Regular expressions
RegularExpressions (regex in short) is a powerful and flexible language for text searching. Regular expressions engines are efficient tools for parsing many kind of data, locating and even replacing data patterns. Regex are now available in most popular language either integrated or as an external library.
Regex are studied here both for their syntax to describe data patterns and their ability to efficiently match them against large amount of data. This document is neither an introduction nor a complete guide to regular expressions. We recommend all interested user to read the excellent O'Reilly's book from Jeffrey E. F. Friedl for really «Mastering Regular Expressions».
Regex's Origins
Regular Expressions is not a recent subject and were initially used in early 1940's to express the algebra of regular sets, a mathematical theory first describe by Stephen Kleene. Its theory has conduct to several study in the field of finite automata for data processing. The first regular expressions compiler was explain by Ken Thompson in article «Programming Techniques: Regular expression search algorithm» published in volume 11, issue 6, June 1968 of the Communication of the ACM.
An implementation of such compiler has been used in early release of ed, a well know *nix editor, and their regex functionality "Global Regular Expression Print" has engendered a still useful and well known tool, grep (which its currently most powerful implementation is GNU grep).

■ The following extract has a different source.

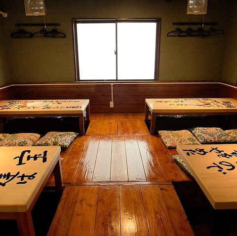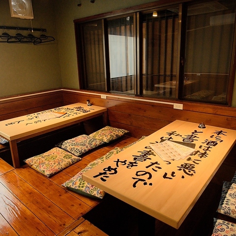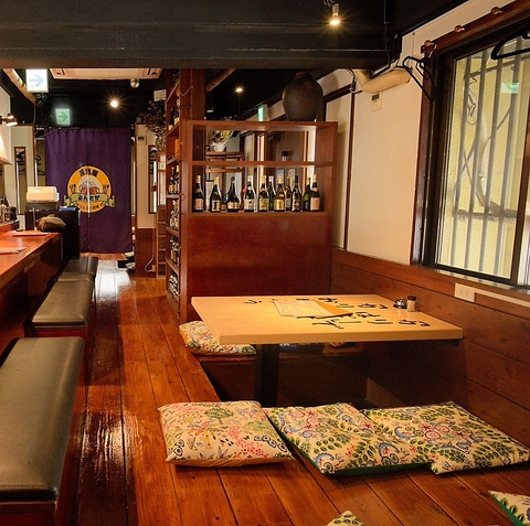 同空間に最大28名様までご案内可能な店内は、会社宴会や模合にぴったり。横一列でも最大16名様まで座れるため、一体感のある宴が叶います。木のぬくもりが心地よい空間には、ふかふかの座布団がご利用できる掘りごたつ席をご用意。まるでお家のように寛げるアットホームな雰囲気の中で、ゆったりとお過ごしいただけます。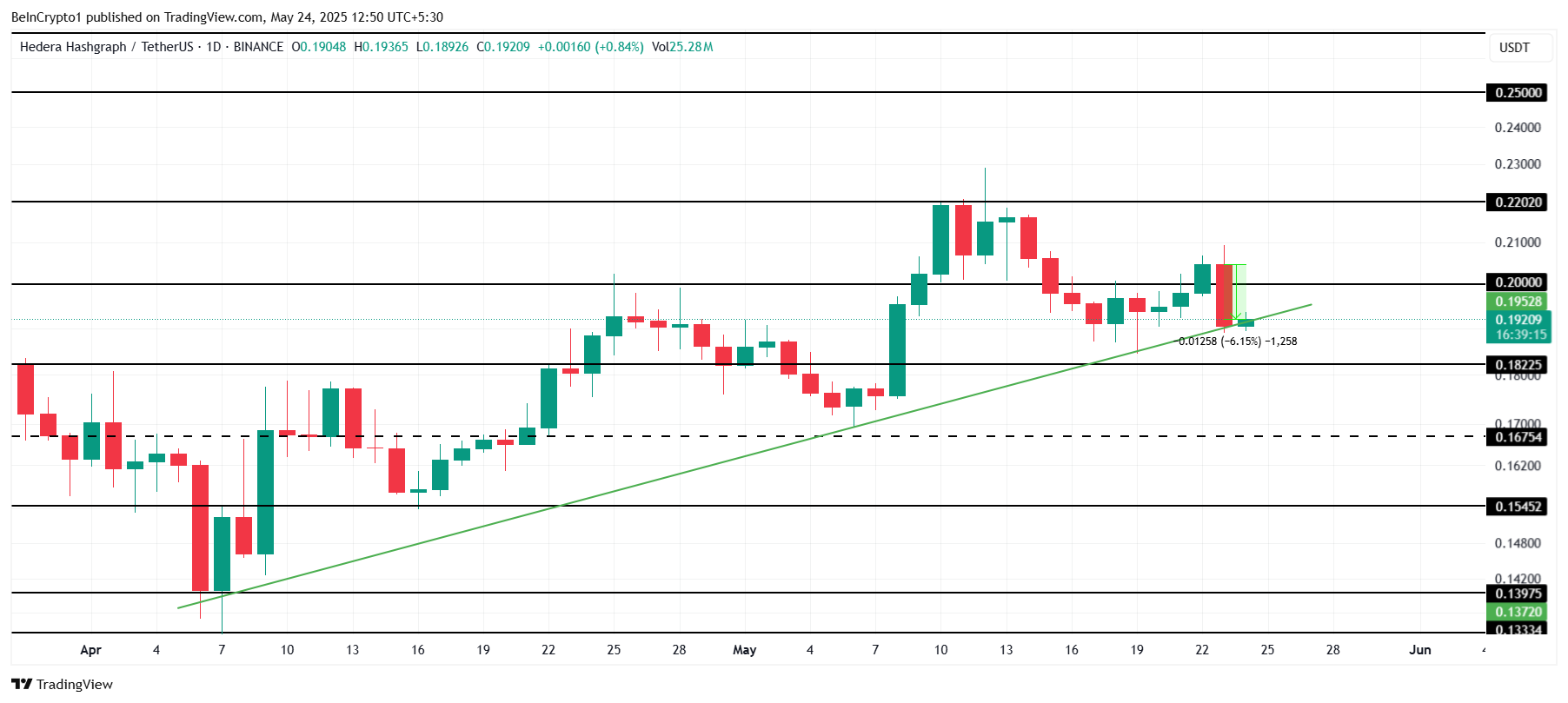 Sa ngayon, bumaba ng 6% ang presyo ng HBAR sa nakaraang 24 oras, at kasalukuyang nasa ilalim ito ng kritikal na $0.20 level.

Regular expressions syntaxes and flavors
Beside the mostly unused POSIX standardization effort, their is a large variety of regular expression flavor in use today. Both the syntaxes and the engines are different and could lead to slightly different results for the same regex and input data. The integration of regular expression into the language also vary a lot, from full language integration to procedural and/or object libraries. Some tools and languages like perl and egrep has somewhat greatly enhance regex possibilities and are today's models for most emerging solutions.
All implementations of regular expressions usualy proceed in two steps1:
- lexical analysis and compilation of the regular expression to an appropriate byte code
- parsing of the input text using an regular expression engine
Regular expression engines are the base of the implementation of regular expression matching algorithm. There are several well known implementations, and the Henry Spencer's NFA engine has been the base for most regular expressions engines in use today. To have a pratical experience of the internal processing done by a Traditional NFA engine, read our regular expression examples.
- ^ Perl also provide a sort of compilation of the input text itself. Its casual use may sometimes improve the matching speed.